Dear Tom,
Been awhile brother. Haven’t sent you a a Hail Mary pass in a long time.
I fucking miss you so much. So much is happening. Dad is succumbing to his illness. I don’t know how much time he has. They won’t talk to me. I found out through the Navajo phone tree that he was even as sick as he was.
I’m conflicted on how to feel. Deep down. I think dad does love me. But I also think he doesn’t. He doesn’t know what to do with me.
For a year I text texted him “hey hope you’re having a good day. Love you.” Only to find out when I called on his birthday that his number had been disconnected. How long had I been sending ghost messages?! None of them had been returned anyway.
I’m the daughter that doesn’t matter. You were the son he couldn’t live without.
We were a yin yang pair.
Dad. Doesn’t have a whole lot of time I think.
But nobody will tell me the truth. I don’t know what I did to be so on the outs of honest information but apparently it was bad.
I have recently discovered a new art style expression. I’m channeling my Navajo side. Tapping into this side of the nali.
I’m slowly starting to get a grasp of how to interpret my ideas through the paint.
It’s something totally new as I’m drawing and painting something from my minds eye and not from a picture.
I was doing these portraitures. But these Navajo women just spoke to me. And I’ve just got to paint them. I’m drawing and drawing. And finding these scenes.
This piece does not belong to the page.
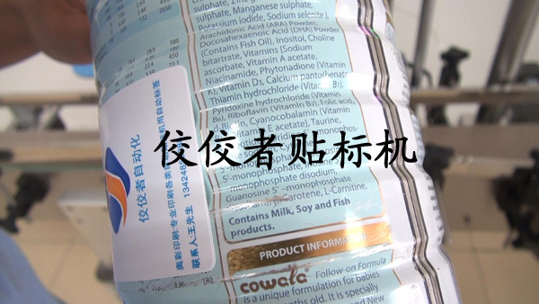 下面是貼奶粉罐的過程和效果,我們就稱之為奶粉罐貼標機,原理同上,請看下圖.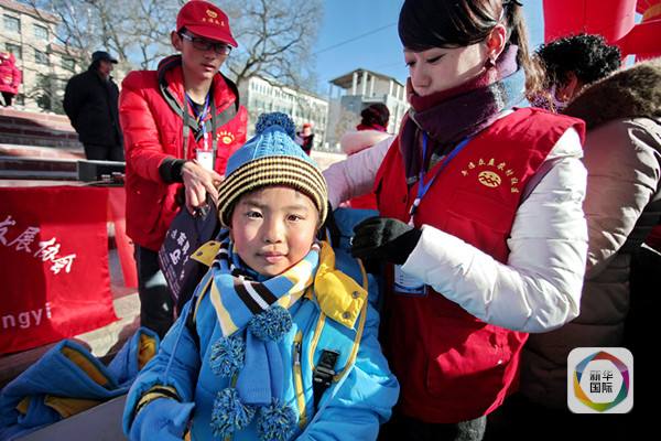 ????2015年12月21日,在甘肅平?jīng)?,志愿者給孩子穿上“壹基金溫暖包”內(nèi)的防寒衣物。(楊昕攝影)

Seeing these places I’ve never been but feeling these grandmas.
I wish I could share this art with you. I know how much you would love this.
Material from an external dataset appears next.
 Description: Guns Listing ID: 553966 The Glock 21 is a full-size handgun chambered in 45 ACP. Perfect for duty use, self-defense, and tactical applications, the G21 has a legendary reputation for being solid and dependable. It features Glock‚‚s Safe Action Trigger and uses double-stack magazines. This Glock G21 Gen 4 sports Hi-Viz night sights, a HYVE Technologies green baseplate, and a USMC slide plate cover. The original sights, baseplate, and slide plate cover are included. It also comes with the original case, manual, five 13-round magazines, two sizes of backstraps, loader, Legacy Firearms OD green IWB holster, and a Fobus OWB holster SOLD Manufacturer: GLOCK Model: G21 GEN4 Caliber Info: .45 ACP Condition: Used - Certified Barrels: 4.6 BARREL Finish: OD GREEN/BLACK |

I know how much you would be conflicted about dad. but loving.
Im just going to create art. Think of you. Tell you stories as I paint and laugh. Love and laugh.
My heart aches for you now. I wish you were here to stand with me at this time. Right now I’m alone. I need you. But you left me. You asshole. But cool. You did you.
I know I can do this. I’ve got this. I am Ahiddibah.